Korban tewas akibat insiden ledakan hebat di Satuan Pelayanan Pemenuhan Gizi (SPPG) Mojokerto Puri Medali kembali bertambah. Piter Fernando (36), teknisi gas elpiji dari PT Energi Alam Utama asal Porong, Sidoarjo, dilaporkan meninggal dunia saat menjalani perawatan medis intensif di RSUD dr. Iskak Tulungagung.
Tambahan ini membuat total korban jiwa dalam tragedi ledakan di dapur umum penyuplai Makan Bergizi Gratis (MBG) tersebut menjadi dua orang. Kedua korban tewas merupakan teknisi gas dari perusahaan rekanan yang sama.
Kuasa hukum SPPG Mojokerto Puri Medali, Moch Gati, mengonfirmasi kabar duka tersebut.
“Saat mendampingi proses hukum, saya baru mendapat informasi bahwa Pak Piter telah meninggal dunia. Dengan demikian, total korban jiwa akibat ledakan ini menjadi dua orang,” ujar Gati saat dikonfirmasi, Rabu (2/9/2026).
Kronologi Perawatan dan Deretan Korban
Ledakan yang terjadi pada Kamis (13/8/2026) sekitar pukul 21.00 WIB itu melukai tiga orang teknisi PT Energi Alam Utama yang tengah menangani instalasi elpiji di lokasi.
Berikut kondisi dan nasib ketiga teknisi tersebut:
-
Edi Suyanto (55): Pemilik PT Energi Alam Utama yang menderita luka bakar hingga 90 persen. Ia menghembuskan napas terakhir di RSUD dr. Soetomo, Surabaya, pada Kamis (20/8/2026).
-
Piter Fernando (36): Mengalami luka bakar 63 persen. Sempat dirawat di RSI Sakinah Sooko sebelum dirujuk ke RSUD dr. Iskak Tulungagung pada 14 Agustus 2026. Humas RSUD dr. Iskak, Nurul Candra, membenarkan Piter meninggal dunia pada 22 Agustus 2026.
-
Kwin Lan (48): Mengalami luka bakar 45 persen dan masih mendapat perawatan medis.
Selain tiga teknisi tersebut, dua relawan SPPG juga dilaporkan mengalami luka di bagian kepala akibat tertimpa reruntuhan plafon.

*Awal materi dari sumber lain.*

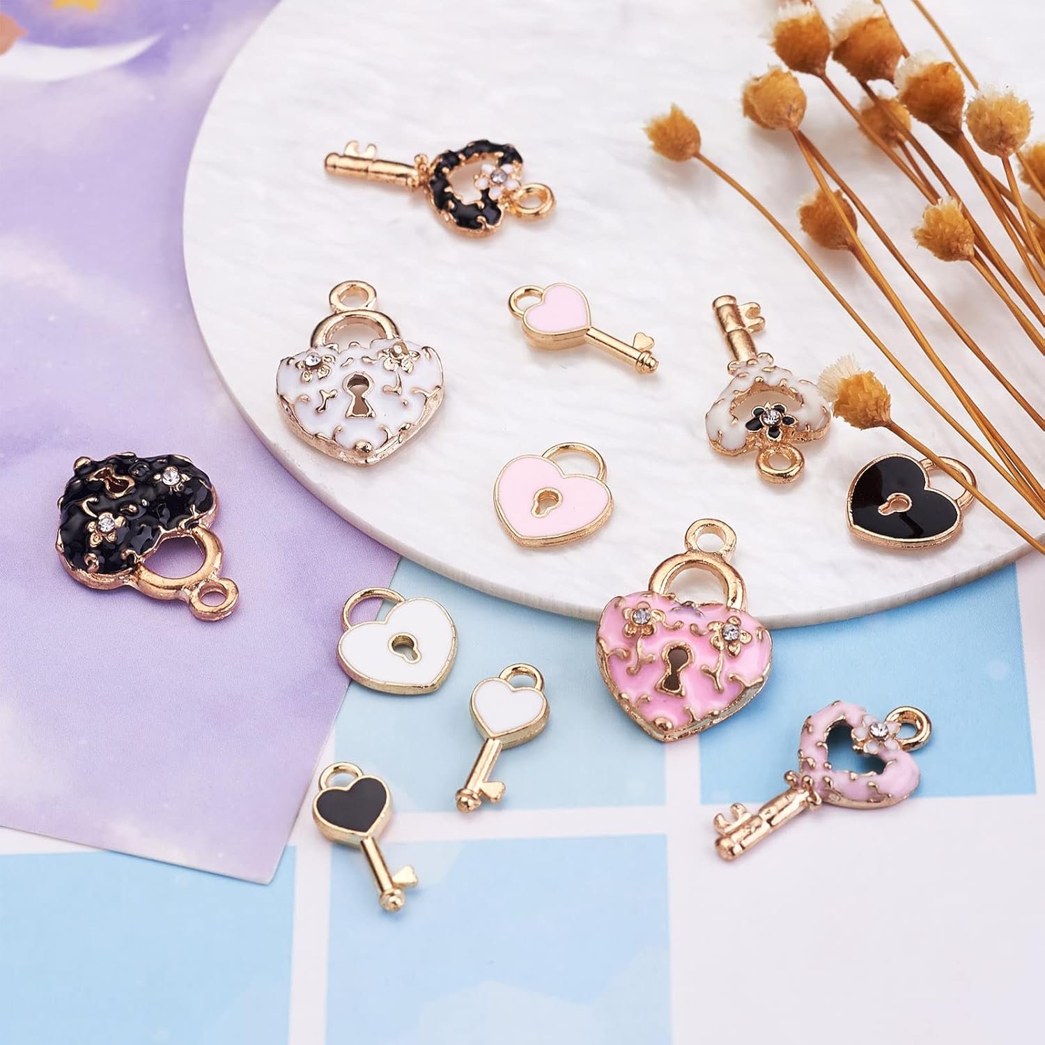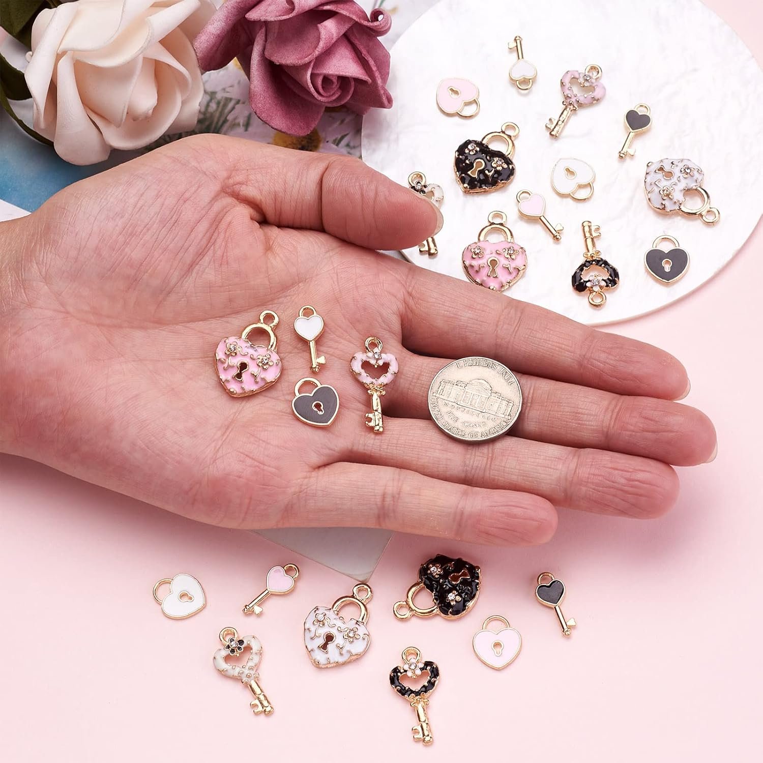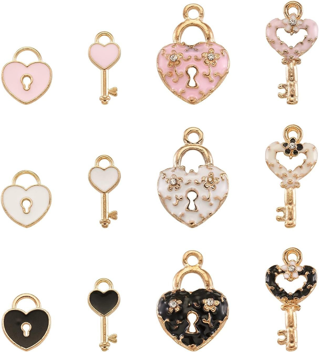 Pandahall 60pcs Heart Lock and Key Charms Mini Alloy Enamel Padlock & Heart Key Pendants with Rhinestone Light Gold Plated for Valentine’s Day Locked Bracelet Necklace Jewelry Making

Ledakan Dahsyat Robohkan Bangunan Dapur MBG
Daya ledak dari kebocoran gas tersebut meluluhlantakkan struktur bangunan SPPG Mojokerto Puri Medali yang berlokasi di Desa Medali, Kecamatan Puri. Atap di empat ruangan utama—meliputi ruang pemorsian, ruang omprengan, kantor, serta ruang rapat—rubuh seketika.
Ledakan kemudian memicu kobaran api besar yang membakar area atas bangunan. Dua unit mobil pemadam kebakaran (PMK) dikerahkan ke lokasi hingga si jago merah berhasil dijinakkan pada pukul 22.30 WIB.
Sebagai informasi, dapur umum milik Yayasan Anak Cerdas Berkualitas Group ini memproduksi sekitar 3.700 porsi makanan MBG per hari. Pasca-tragedi ledakan tersebut, operasional dapur dihentikan sementara dan alokasi penyediaan makanan dialihkan ke SPPG lain di wilayah sekitarnya.